Büyükada'nın huzurlu sokakları, asırlık köşkleri ve derinlemesine işlenmiş hikayeleri, İstanbul'un gürültüsünden kaçmak isteyenlere benzersiz bir sığınak sunar. Bu büyüleyici ada, her yıl binlerce ziyaretçiyi kendine çeker ve onları tarihi dokusuyla büyüler.
Troçki'nin evi, adanın yüksek tepelerinden birinde, çam ağaçlarıyla çevrili ve İstanbul'a büyüleyici bir manzara sunan bir konumda yer alır. 19. yüzyılın sonlarında inşa edilen bu ev, yüksek tavanları, büyük pencereleri ve geniş bahçesiyle tipik Büyükada mimarisinin en güzel örneklerinden biridir.

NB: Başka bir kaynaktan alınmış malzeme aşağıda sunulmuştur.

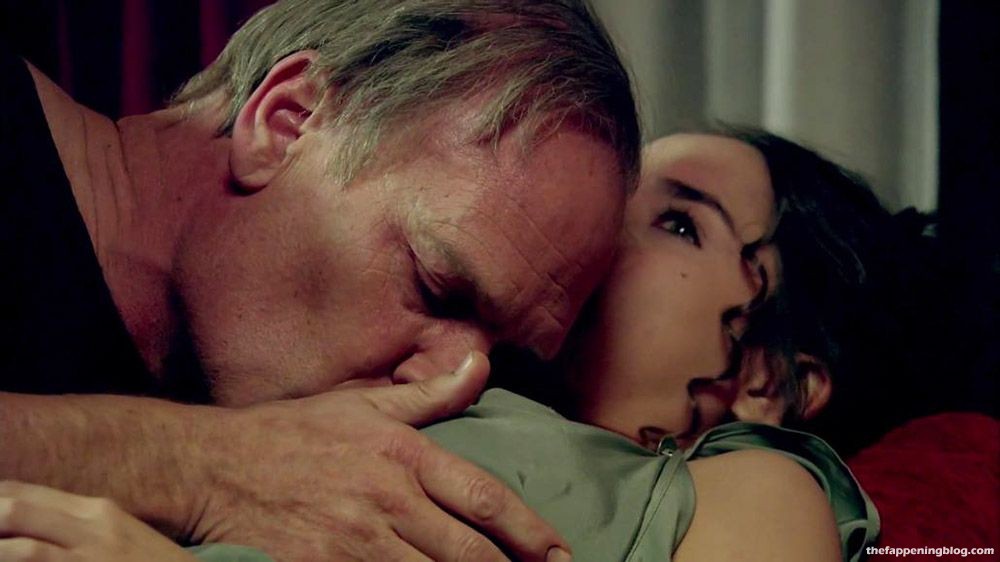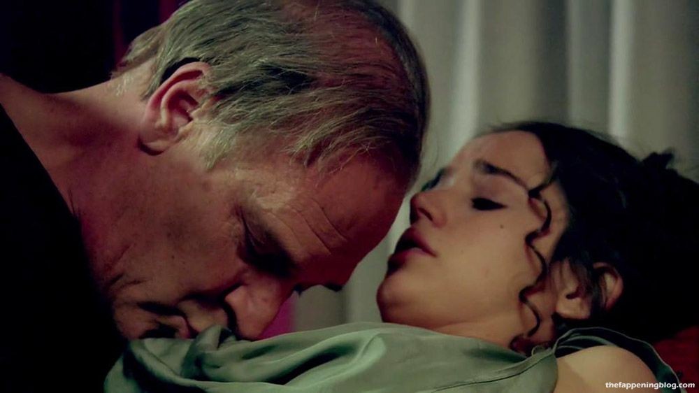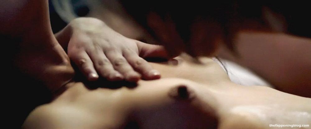 Then we have one of the most popular Ana de Armas’s nude scenes. She is kneeling in a bathtub naked with soapy breasts. Lorenza Izzo stands nearby, and the two girls talk to a guy. The girls then approach him and reach between his legs as they seduce him. They then kneel in front of him to suck his cock. Finally, we see them in a threesome in the shower, the girls having their boobs and asses pressed against the glass door. The sex continues in bed.

2010 yılında, İrlandalı fotoğrafçı James Hughes, bu eski köşke girerek iç mekanını fotoğrafladı ve bu fotoğraflar "Troçki'nin Hayaletleri" başlığı altında sergilendi.

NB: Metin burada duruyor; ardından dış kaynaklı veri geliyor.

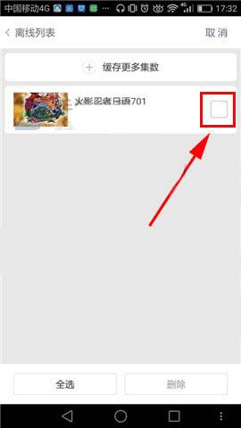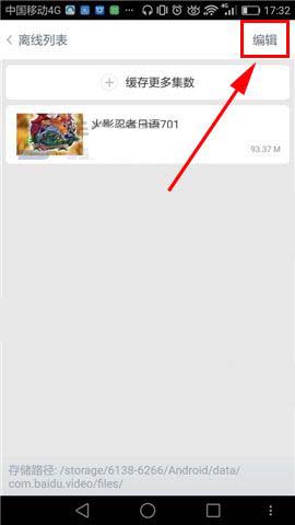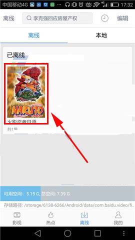 1)首先先打开【百度视频】的界面,然后我们再点击【离线】,打开后接着点击你要删除的视频,比如火影忍者。

Eğer yolunuz Büyükada'ya düşerse, Troçki'nin evini ziyaret etmeyi mutlaka düşünmelisiniz. Şu anda içeriden ziyarete açık olmasa da, mimarisi ve tarihi dokusuyla büyüleyici ve ilham vericidir.

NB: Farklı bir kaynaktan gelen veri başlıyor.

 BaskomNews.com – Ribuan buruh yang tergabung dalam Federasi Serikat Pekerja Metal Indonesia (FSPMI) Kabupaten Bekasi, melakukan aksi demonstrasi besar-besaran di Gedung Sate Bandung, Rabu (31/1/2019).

Bu ev, tarih ve politika meraklılarının yanı sıra mimarlık ve doğa tutkunları için de ilgi çekici bir noktadır. Büyükada'nın kristal berraklığındaki suları ve yeşil doğası arasında yer alan bu tarihi köşe, ziyaretçilerine geçmişin hikayelerini fısıldarken modern hayattan sakin bir kaçış sunar.